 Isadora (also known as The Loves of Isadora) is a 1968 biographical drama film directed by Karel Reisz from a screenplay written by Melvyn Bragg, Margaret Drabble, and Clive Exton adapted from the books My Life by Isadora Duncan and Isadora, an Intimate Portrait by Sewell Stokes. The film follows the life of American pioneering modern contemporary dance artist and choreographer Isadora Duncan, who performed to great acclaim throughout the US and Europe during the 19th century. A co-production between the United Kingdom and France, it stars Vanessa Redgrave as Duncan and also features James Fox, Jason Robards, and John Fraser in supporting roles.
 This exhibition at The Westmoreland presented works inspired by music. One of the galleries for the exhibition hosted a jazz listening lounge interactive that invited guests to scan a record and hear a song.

--

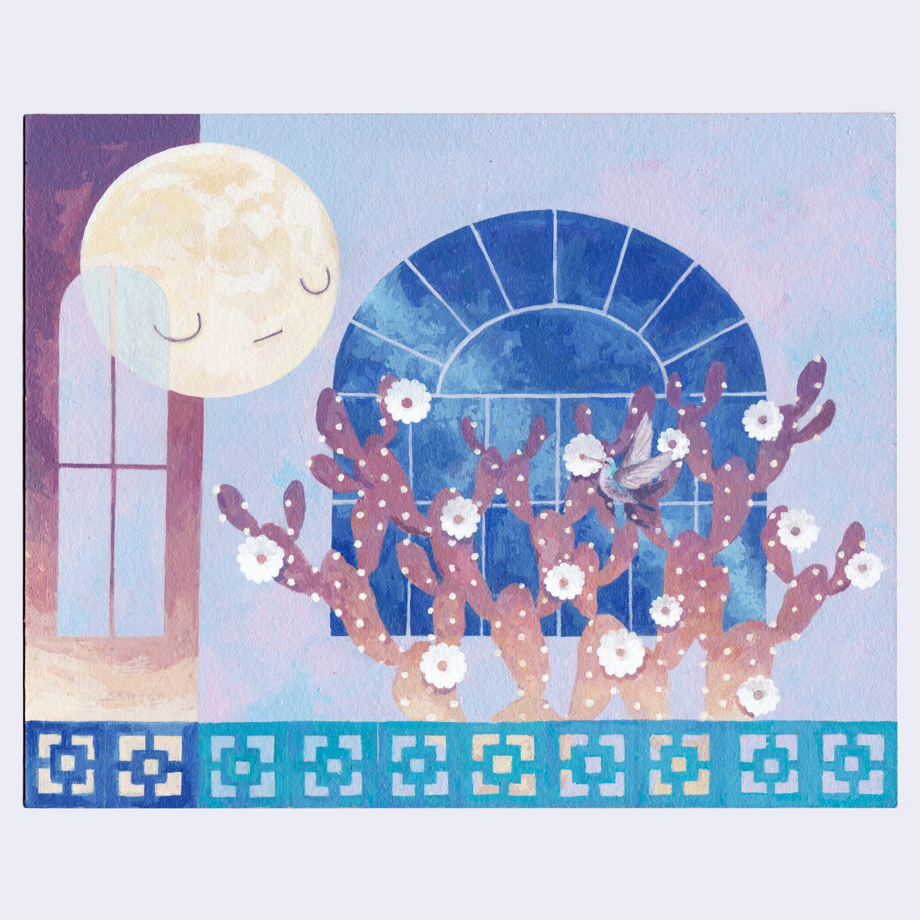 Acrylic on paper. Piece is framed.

◆ Try it:
Set down, exactly as they stand above, the lines starting with the line with "Isadora (also known" and going on through the line with "This exhibition at", and no others.

◆ Problem solution:
 Isadora (also known as The Loves of Isadora) is a 1968 biographical drama film directed by Karel Reisz from a screenplay written by Melvyn Bragg, Margaret Drabble, and Clive Exton adapted from the books My Life by Isadora Duncan and Isadora, an Intimate Portrait by Sewell Stokes. The film follows the life of American pioneering modern contemporary dance artist and choreographer Isadora Duncan, who performed to great acclaim throughout the US and Europe during the 19th century. A co-production between the United Kingdom and France, it stars Vanessa Redgrave as Duncan and also features James Fox, Jason Robards, and John Fraser in supporting roles.
 This exhibition at The Westmoreland presented works inspired by music. One of the galleries for the exhibition hosted a jazz listening lounge interactive that invited guests to scan a record and hear a song.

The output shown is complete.